======== Material for this exercise ========
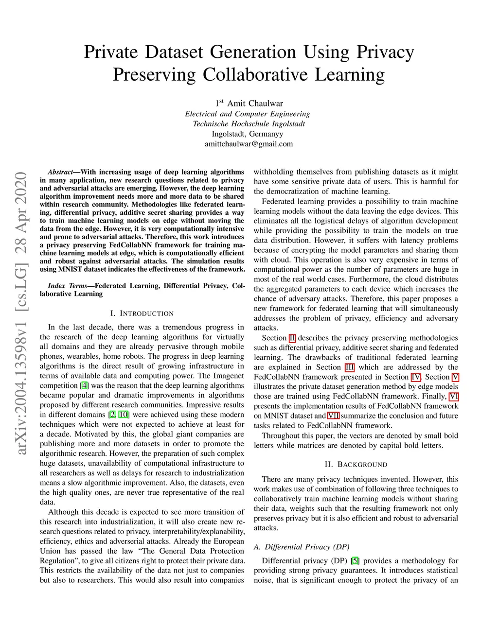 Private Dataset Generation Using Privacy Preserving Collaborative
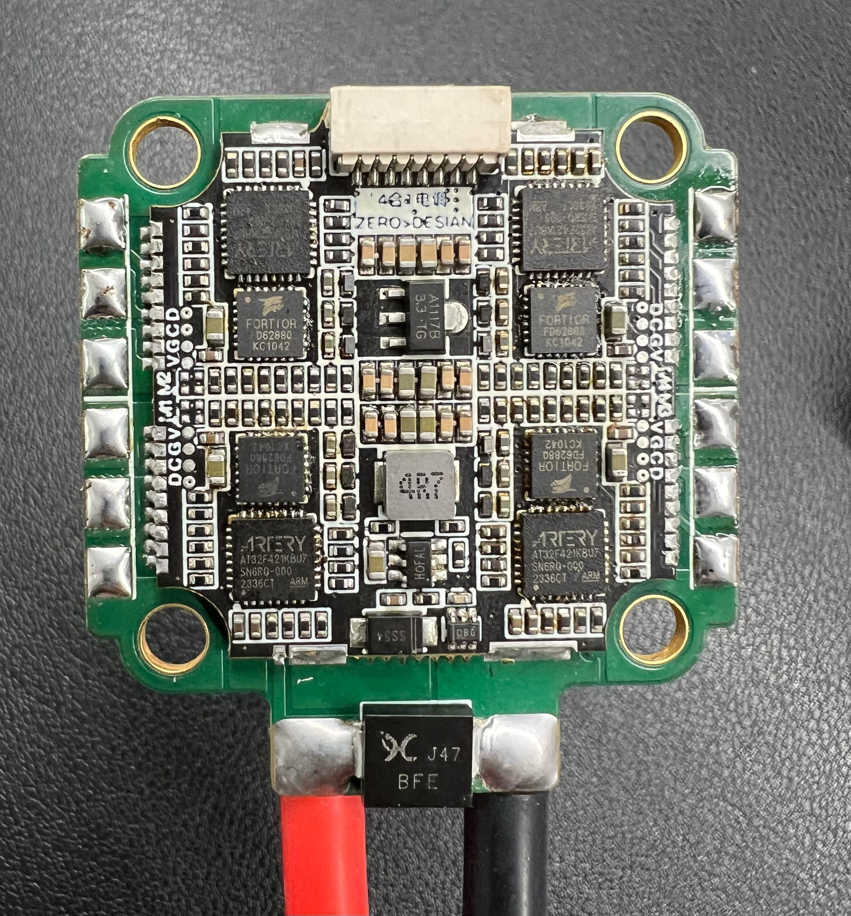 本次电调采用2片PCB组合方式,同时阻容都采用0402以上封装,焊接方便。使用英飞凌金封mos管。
========
======== Material for this exercise ========
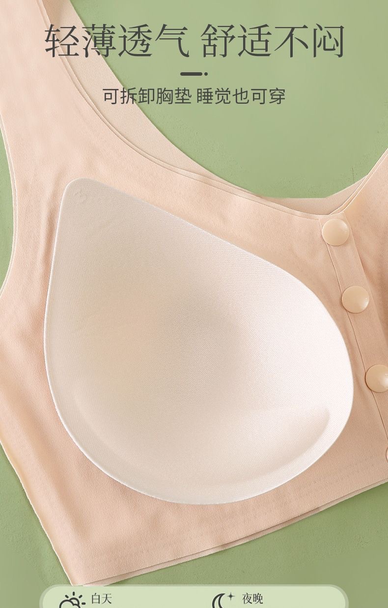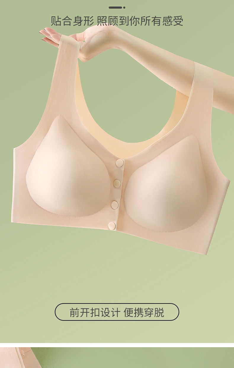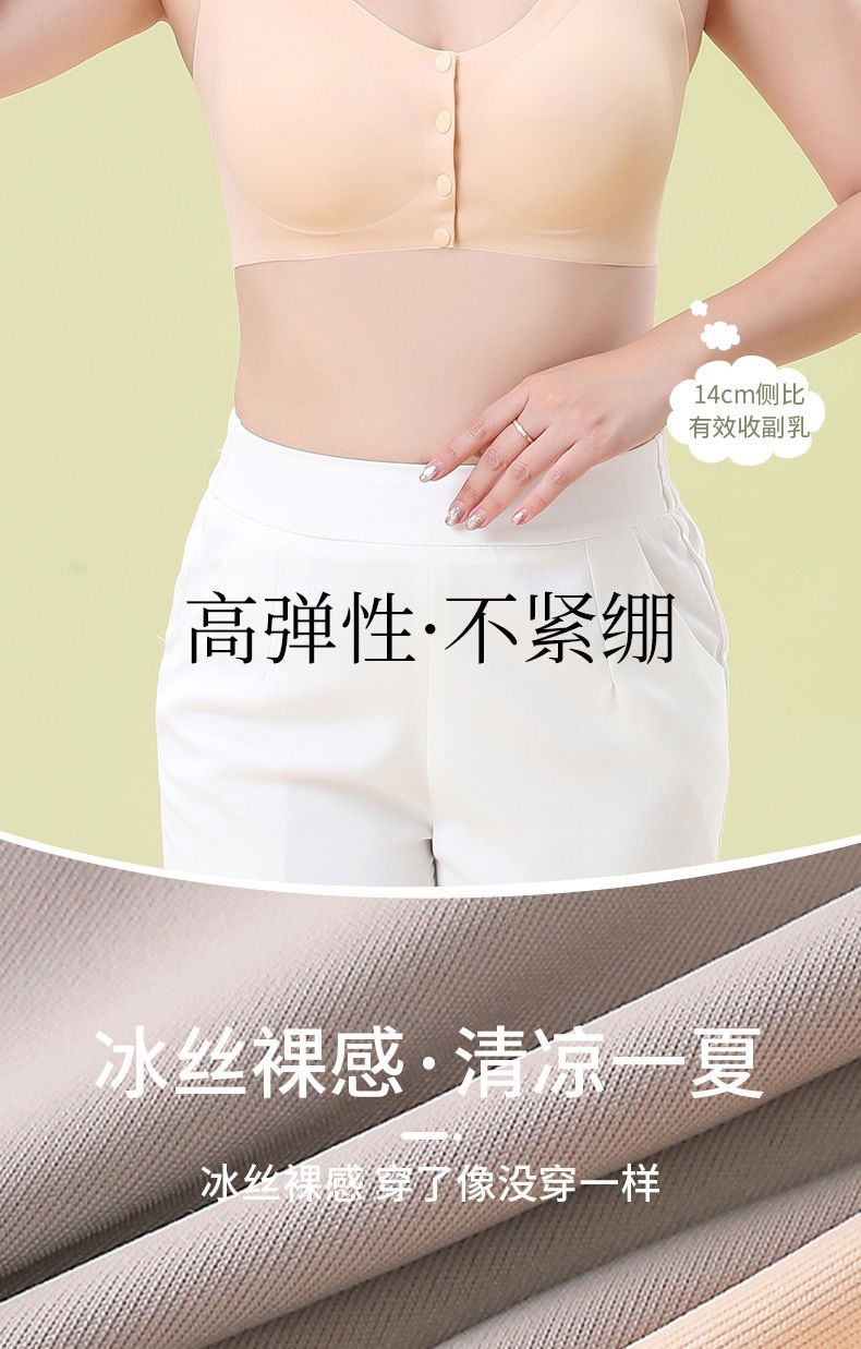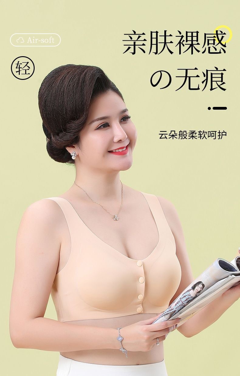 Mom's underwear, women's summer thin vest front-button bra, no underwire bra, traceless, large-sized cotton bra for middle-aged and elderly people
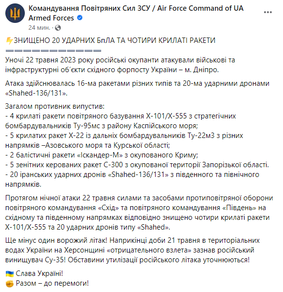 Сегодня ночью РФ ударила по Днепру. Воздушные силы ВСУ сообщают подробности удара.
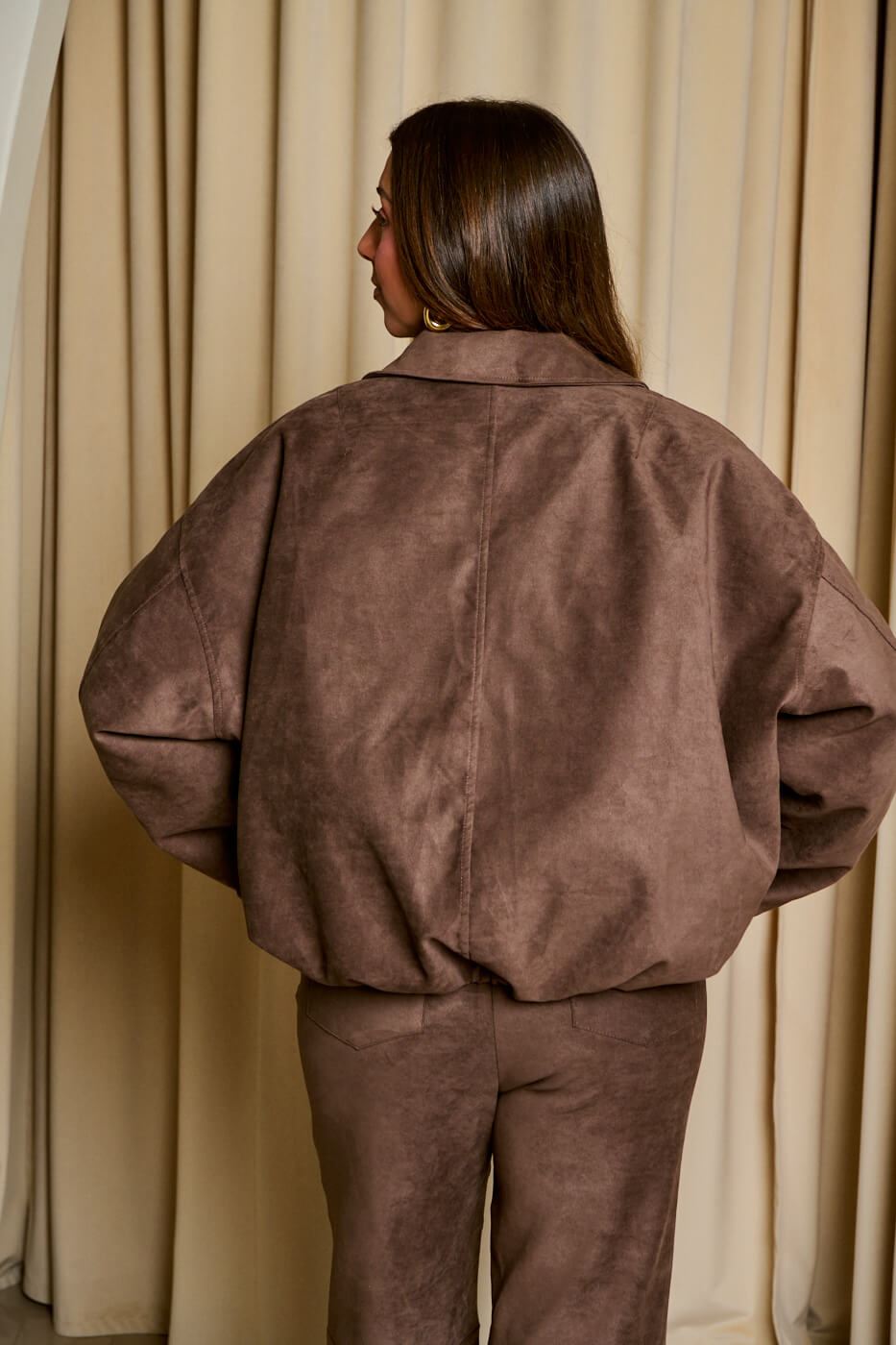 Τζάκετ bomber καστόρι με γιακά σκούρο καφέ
========
§ **Requirement**
Now transcribe the lines above exactly, starting at the line containing "Сегодня ночью РФ" and ending at the line containing "Τζάκετ bomber καστόρι με γιακά σκούρο καφέ", both lines included, pictures excluded.

§ **Solved exercise**
 Сегодня ночью РФ ударила по Днепру. Воздушные силы ВСУ сообщают подробности удара.
 Τζάκετ bomber καστόρι με γιακά σκούρο καφέ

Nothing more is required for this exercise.